Some thoughts:
This diagram shows one of them, how we got to deciding to use Optimism ORU: https://github.com/dxos/gravity/blob/master/docs/content/diagrams/payment-diagram-2.png
The money is on Ethereum, but Ethereum is too slow, so we make a different faster blockchain but now we have to get the money on and off that chain and that's hard/unsolved, but finally if someone figured out how to speed up Ethereum finally then we should use that technique because that was the problem we started with.
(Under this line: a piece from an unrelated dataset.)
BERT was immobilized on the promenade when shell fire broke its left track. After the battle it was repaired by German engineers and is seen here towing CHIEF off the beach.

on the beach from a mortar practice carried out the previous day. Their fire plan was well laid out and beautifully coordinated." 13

This makes some sense, except : Optimism ORU is somewhere between an idea and a prototype at this point, and : using it implies we must move to the Ethereum platform (because Optimism can be viewed as a turbocharger for Ethereum mainnet that looks and feels like Ethereum -- it isn't a standalone thing).
This implies throwing away the work we have done on CosmosSDK.
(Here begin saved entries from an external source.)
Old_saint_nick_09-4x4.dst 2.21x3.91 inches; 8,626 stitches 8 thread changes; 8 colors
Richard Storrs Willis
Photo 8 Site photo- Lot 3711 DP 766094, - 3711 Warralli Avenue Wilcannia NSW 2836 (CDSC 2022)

And re-implementing it on Ethereum+Optimism. Another diagram: https://github.com/dxos/gravity/blob/master/docs/content/diagrams/payment-diagram-5.png (edited)
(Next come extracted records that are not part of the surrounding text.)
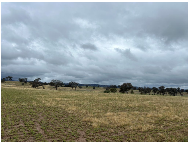
Looking east towards the eastern boundary along Brewongle Road.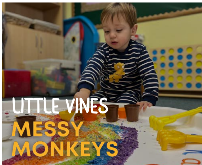
LITTLE VINES MESSY MONKEYS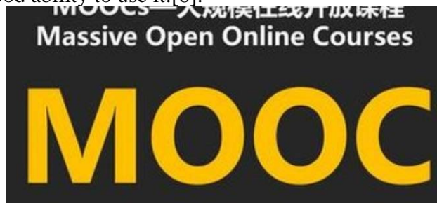
Figure 3 MOOC large-scale online course pictures

In order to construct the computer professional teaching mode based on the Internet application platform, teachers should also make flexible use of the Internet application platform to fully explore the advantages of computer professional teaching on the platform. Teachers can introduce online courses, extend classroom scenes, and allow students to study at home on holiday and in the dormitory. For example, in early 2020, because of the spread of the new coronavirus, many colleges and universities have postponed the start of school, in response to this situation, teachers can use "MOOC" to enable students to use computer, mobile phone classes, online learning professional knowledge; after learning the basic knowledge, students can complete the learning module task in the system, online submission of homework; teachers can use the whole process of monitoring students' learning behavior, evaluation and feedback on the process of students' practice and results, put forward opinions and suggestions, so that students can "not go to the door" to acquire knowledge and form a good ability to use it.[6].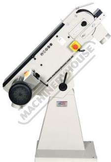
Head Tilting Up

But in the current diagrams from Ashwin/Rick they didn't do that -- there's both the old and the new designs side by side. This implies yet another bridge has to be built between the two, another layer of turtles since that bridge has the same hardness properties that we began with above.
Another thread is that we would like to use existing open source projects (make vs buy decision) for various things. Most of these target the Ethereum platform. Diagram : https://github.com/dxos/gravity/blob/master/docs/content/diagrams/payment-diagram-3.png
Since we are not Ethereum-based, to use one of these projects we then have the choice between "porting" it to our CosmosSDK blockchain, or building an Ethereum emulation capability in our blockchain.
That Ethereum emulation capability doesn't exist in a turnkey form so we would need to do some of the work ourselves. Unclear to me that this work is less effort than porting the projects to CosmosSDK.
Note that there are now two quite different reasons we have EVM in our block diagram, but the difference tends to get lost in the discussion.